Introduction

Hepatocellular carcinoma (HCC) is one of the most common malignancies in the world and has high morbidity and mortality. In recent years, the incidence of HCC has continued to rise, especially in developing countries. Furthermore, the prognosis of HCC patients is still not optimistic, with a 5-year survival rate of less than 20%. Nowadays, surgical resection is the preferred treatment for most HCC patients. However, postoperative recurrence is the main factor that affects HCC prognosis.1,2 Currently, monitoring HCC recurrence mainly relies on ultrasonography, computed tomography (CT) examination, and serum alpha-fetoprotein (AFP) levels.3 However, these conventional monitoring methods cannot detect early recurrence in most cases. Therefore, it is crucial to identify sensitive biomarkers for the early diagnosis of HCC recurrence, which will facilitate the early detection of HCC recurrence and timely interventions to improve survival.

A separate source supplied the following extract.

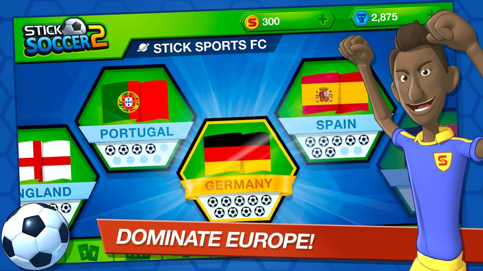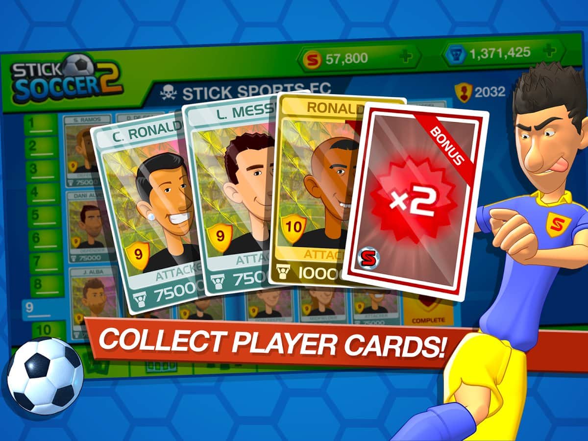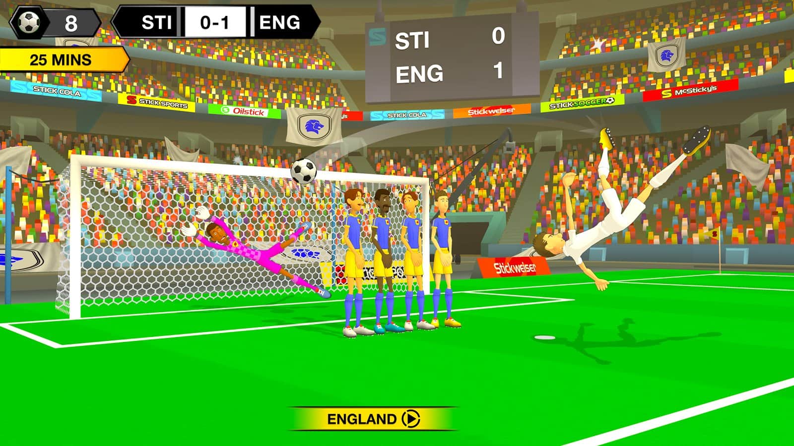 Stick Soccer 2 – toma el control de tu equipo de fútbol y llévalo a la victoria en el campeonato principal del mundo. Elige tu propio equipo de fútbol, eligiendo para él jugadores experimentados, una gran forma y el emblema del club. Gestiona tu propio equipo y entrena para trabajar en disparos precisos a puerta. Enriquece tu equipo con nuevos jugadores y colecciona todas las estrellas del fútbol. El juego te complacerá con controles simples y para marcar un gol en las puertas del enemigo, toca la pantalla del dispositivo y desliza calculando la trayectoria del tiro. Engaña al portero del equipo contrario.

In 1896, Ashworth, an Australian researcher, found a type of cells that was very similar to tumor cells in the blood of a patient with a metastatic tumor, and he proposed the concept of circulating tumor cells (CTCs).4 Tumor recurrence and metastasis are very complex processes, which are usually considered to require CTC migration from the primary tumor focus into the peripheral blood.5 In addition, because peripheral CTC detection is a simple, reproducible, and minimally invasive procedure, CTCs have been actively studied over the last few decades for their functions in tumor diagnosis, recurrence, and metastasis.6,7,8,9 However, studies on the relationship between CTC subtypes and tumor recurrence have rarely been reported. In this study, peripheral CTC subtypes were examined in patients with HCC, and their relationship with HCC recurrence was analyzed. The clinical value of detecting each subtype of CTCs for early prediction of HCC recurrence was also investigated.

Materials and Methods

Patient Selection

Sixty-two hepatocellular carcinoma patients (58 males and 4 females 30–79 years old, with a median age of 55) who underwent radical resection at Zhujiang Hospital of Southern Medical University from March 2014 to March 2016 were enrolled in this prospective study. The inclusion criteria were as follows: (1) patients who underwent pathological specimen examination and had a definite pathological diagnosis of liver cancer according to the criteria set by the World Health Organization; (2) patients who underwent radical resection by an experienced physician, with no residual lesions at the margins of the excision site as confirmed via postoperative pathology examination; (3) patients who had not been treated with other anti-tumor therapies before the radical resection; and (4) patients who had no extrahepatic metastasis confirmed by preoperative imaging. Tumor stage was determined according to the Barcelona Clinic Liver Cancer (BCLC) staging classification, and the degree of tumor differentiation was defined according to the Edmondson-Steiner grading system.

Follow-Up and Recurrence

The patients entered the clinical follow-up period to monitor for recurrence after their peripheral blood samples were collected postoperatively (3–35 days after the surgery, with a median of 18 days). The patients underwent various follow-up examinations and treatments after surgery according to routine clinical schedules. Recurrence was defined as intrahepatic recurrence and extrahepatic metastasis from a comprehensive diagnosis based on imaging results from computed tomography (CT), magnetic resonance imaging (MRI), and digital subtraction angiography (DSA), or positron emission tomography (PET)-CT and serum AFP level and other examinations, with or without pathological diagnosis. Evidence of recurrence was considered as the end point. Time to recurrence (TTR) was defined as the time interval between resection and the diagnosis of recurrence. Recurrence within 6 months after the surgery was defined as ER. Patients with no recurrence were followed up to September 30, 2016.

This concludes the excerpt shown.